- Theatrical release poster
- Directed by: Barbara Peeters
- Written by: Barbara Peeters
- Produced by: Roger Corman Rita Murray John Meier Paul Nobert Beach Dickerson
- Starring: Dixie Peabody Terry Mace Clyde Ventura
- Cinematography: Sven Walnum
- Edited by: Tony de Zarraga
- Music by: Bill Cone Richard Hieronymus East-West Pipeline
- Production company: Meier-Murray Productions
- Distributed by: New World Pictures
- Release date: 1971;
- Running time: 89 minutes
- Country: United States
- Language: English
- Budget: $60,000

= Bury Me an Angel =

Bury Me an Angel is a 1971 American biker film from director Barbara Peeters, who was script supervisor on Angels Die Hard (1970). She was the first woman to direct a biker film. The film was acquired by Roger Corman's New World Pictures.

==Plot==
After learning that her brother has been murdered, biker Dag (Dixie Peabody) sets out on the road with two close friends to find the killer. As they travel, they encounter various people and conflicts, and Dag’s emotional struggle becomes increasingly apparent, leading to a final violent confrontation with her brother’s murderer.

==Cast==
- Dixie Peabody as Dag
- Terry Mace as Jonsie
- Clyde Ventura as Bernie
- Joanne Moore Jordan as Annie
- Marie Denn as Bernice
- Dennis Peabody as Dennis
- Stephen Whittaker as The Killer
- Gary Littlejohn as Bike Shop Proprietor
- David Atkins as Preacher
- Janelle Pransky as Dag as a Little Girl
- Beach Dickerson as Harry
- Dan Haggerty as Ken

==Production==
Barbara Peeters first conceived the idea for the film when, while working on Richard Compton's biker drama Angels Die Hard, supporting player Rita Murray told her she was looking to produce films of her own.

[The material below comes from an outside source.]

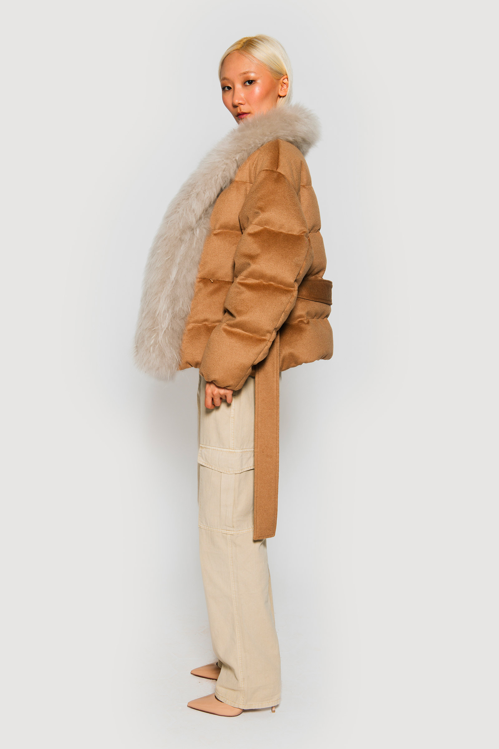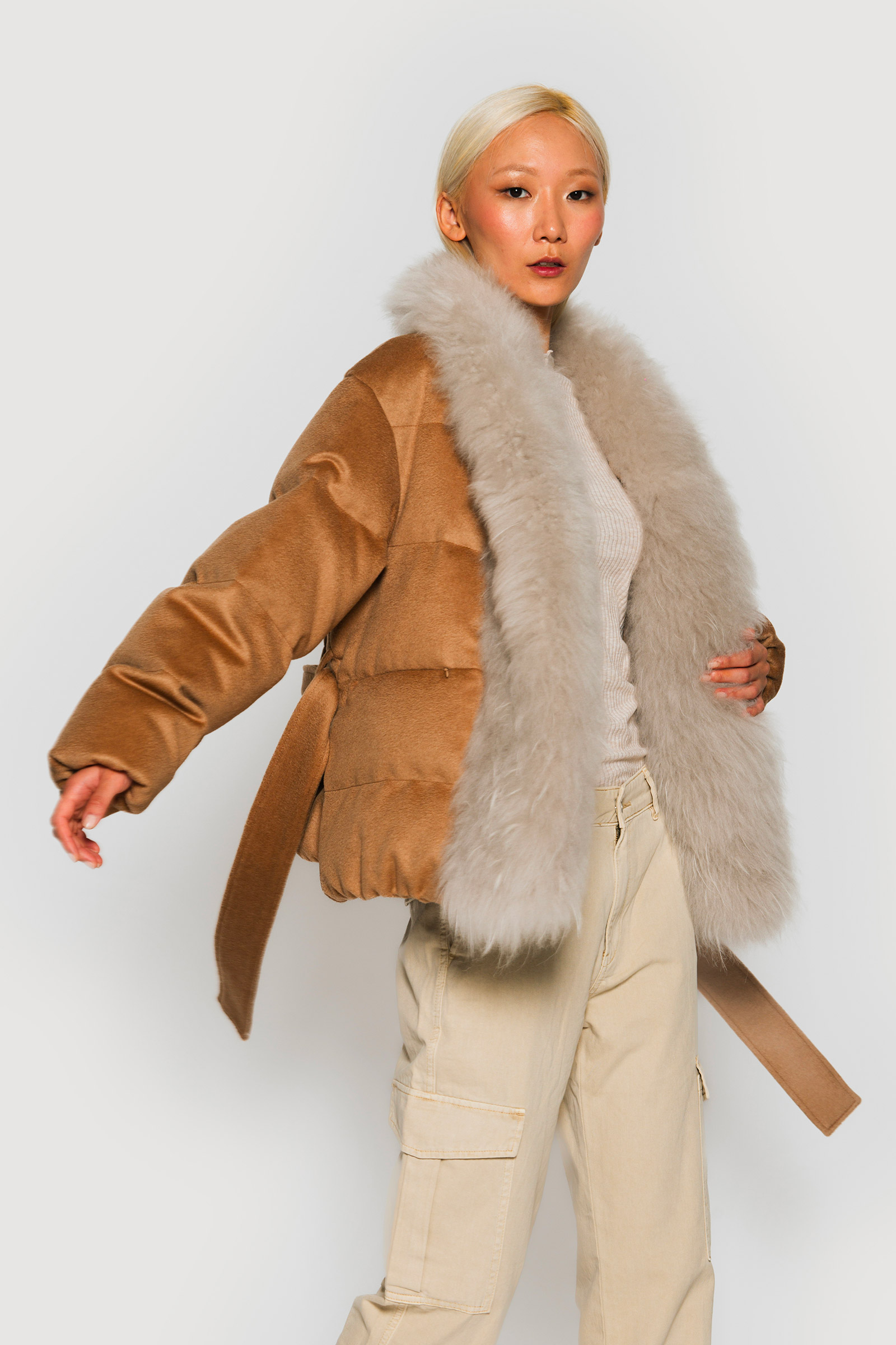 Revel in the epitome of style and comfort with our Loro Piana Storm System Cashmere Down Jacket from Braschi. Italian craftsmanship meets innovative design with a mohair goat edge and collar. The cashmere belt closure adds a touch of sophistication, and the silk lining ensures ultimate luxury. Redefine your winter wardrobe with this masterpiece. Shop now for a perfect blend of elegance and warmth, brought to you by Braschi.

Peeters invented the plot on the spot, and rush-wrote a first draft overnight to present to Murray and her investors days later. She was given $90,000 to make the film. Peeters said she made the film for $60,000 and gave the balance back to the investors. "How stupid can you be?" she later laughed.

Peeters had made films before but says this was her "first real movie that was mine."

Beach Dickerson has a small role and helped produce the movie, which was shot on location in California. The script's original title was The Hunt.

Peeters said she cast Peabody because "She was gorgeous she was six feet tall she was a biker." The film also marked the first speaking role for Dan Haggerty.

Peeters included a scene where a head spewed blood because "it's a story about a girl who goes slowly insane while looking for her brother's killer. How could I make the audience understand what she's going through unless they are shocked in the same way she was."

Peeters cast some real bikers with whom she had worked with on other biker movies.

==Release==
Peeters received a distribution contract from Roger Corman for the movie and she worked for him for the next eight years.

Corman said Peeters "did quite a good job" and thought "the film was notable because Barbara got a really beautiful girl to play the lead who was really striking on the motorcycle. We used her in the ads, in the trailers, and on TV dates."